▶ Exercise prompt: Given the records below, the lines starting at the line with "I denna bok" and ending at the line with "在由中国林科院木材工业研究所" should be output exactly, both end lines kept and pictures left out.

▶ Data provided:
==========
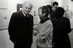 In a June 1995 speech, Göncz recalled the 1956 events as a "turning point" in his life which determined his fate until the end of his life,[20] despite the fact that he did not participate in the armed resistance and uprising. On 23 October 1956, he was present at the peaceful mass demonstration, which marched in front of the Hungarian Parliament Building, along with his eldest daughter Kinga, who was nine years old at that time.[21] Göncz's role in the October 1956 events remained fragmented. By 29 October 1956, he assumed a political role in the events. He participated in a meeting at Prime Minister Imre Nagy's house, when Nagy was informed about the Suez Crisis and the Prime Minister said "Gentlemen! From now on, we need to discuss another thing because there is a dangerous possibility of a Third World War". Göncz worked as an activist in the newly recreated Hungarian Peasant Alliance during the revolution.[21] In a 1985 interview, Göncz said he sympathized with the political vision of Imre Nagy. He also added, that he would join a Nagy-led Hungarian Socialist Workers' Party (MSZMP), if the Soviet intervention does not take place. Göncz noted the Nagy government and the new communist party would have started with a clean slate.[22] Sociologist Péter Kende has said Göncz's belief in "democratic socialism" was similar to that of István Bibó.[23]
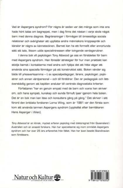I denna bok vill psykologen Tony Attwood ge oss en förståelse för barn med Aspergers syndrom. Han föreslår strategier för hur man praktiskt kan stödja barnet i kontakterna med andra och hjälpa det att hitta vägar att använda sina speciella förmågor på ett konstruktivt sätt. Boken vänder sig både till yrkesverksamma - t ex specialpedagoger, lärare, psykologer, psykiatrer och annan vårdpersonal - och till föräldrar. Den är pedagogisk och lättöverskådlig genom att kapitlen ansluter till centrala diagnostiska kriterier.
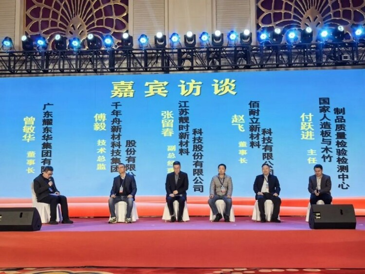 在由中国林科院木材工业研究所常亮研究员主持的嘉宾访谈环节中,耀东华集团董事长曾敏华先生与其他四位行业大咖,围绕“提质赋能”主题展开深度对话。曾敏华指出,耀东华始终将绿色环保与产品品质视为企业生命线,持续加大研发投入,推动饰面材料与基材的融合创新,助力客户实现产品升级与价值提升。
==========
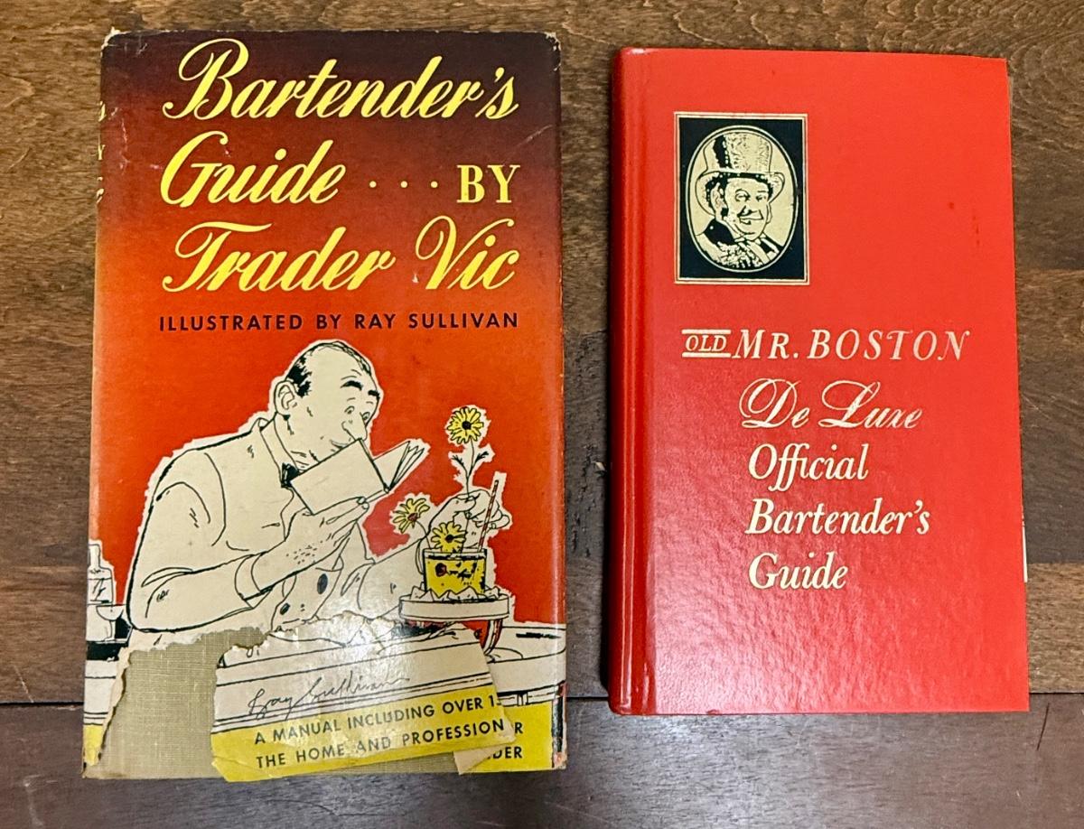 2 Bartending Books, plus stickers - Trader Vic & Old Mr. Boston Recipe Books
==========
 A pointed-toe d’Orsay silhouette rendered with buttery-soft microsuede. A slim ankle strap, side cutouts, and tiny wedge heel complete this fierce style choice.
==========
▶ Completed exercise:
I denna bok vill psykologen Tony Attwood ge oss en förståelse för barn med Aspergers syndrom. Han föreslår strategier för hur man praktiskt kan stödja barnet i kontakterna med andra och hjälpa det att hitta vägar att använda sina speciella förmågor på ett konstruktivt sätt. Boken vänder sig både till yrkesverksamma - t ex specialpedagoger, lärare, psykologer, psykiatrer och annan vårdpersonal - och till föräldrar. Den är pedagogisk och lättöverskådlig genom att kapitlen ansluter till centrala diagnostiska kriterier.
 在由中国林科院木材工业研究所常亮研究员主持的嘉宾访谈环节中,耀东华集团董事长曾敏华先生与其他四位行业大咖,围绕“提质赋能”主题展开深度对话。曾敏华指出,耀东华始终将绿色环保与产品品质视为企业生命线,持续加大研发投入,推动饰面材料与基材的融合创新,助力客户实现产品升级与价值提升。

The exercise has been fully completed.